Face à elle… difficile de s’aligner. La plus grosse concurrente, c’est la Citroën ë-C3 en version « Autonomie Urbaine », débutant à 20 390 euros hors prime CEE. Certes, elle est plus grande et dispose d’une cinquième place, mais doit faire avec encore moins d’autonomie (205 km WLTP) et un équipement ultra-pingre (pas d’écran central, chargeur 30 kW facturé 500 euros).

J’avais également essayé la BYD Dolphin Surf dans sa version à 19 990 euros et ses 220 km d’autonomie. L’équipement est complet, la polyvalence (autonomie et recharge) sur autoroute identique, mais le comportement moins rassurant et le design… moins avenant de la chinoise la distance par rapport à la française. Son inéligibilité à la prime CEE l’achève, mais ce point devrait être résolu fin 2026 avec l’ouverture de l’usine hongroise de la marque.

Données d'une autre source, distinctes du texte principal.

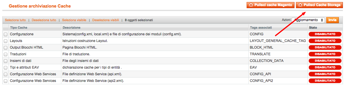 • Perciò vai su Sistema -> Gestione della Cache -> svuotamento Cache   magento wordpress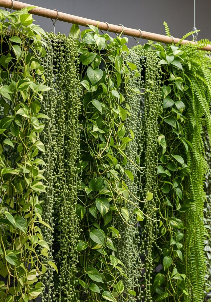 I strung hanging planters on a thin rod to make a living divider. A single tall faux fiddle leaf in the corner anchors the look. Mistake: too many small pots—use 2:1 size ratio (two small + one large).

La plus grosse rivale de la Twingo pourrait donc bien être… sa cousine, la future Dacia Spring. Dérivée de la Renault, la Dacia sera proposée sous les 18 000 euros avant la prime CEE (à laquelle elle aura droit). Reste à savoir à quoi elle ressemblera, et quels éléments auront été sacrifiés pour abaisser le prix. Réponse au Mondial de l’Auto, en octobre 2026.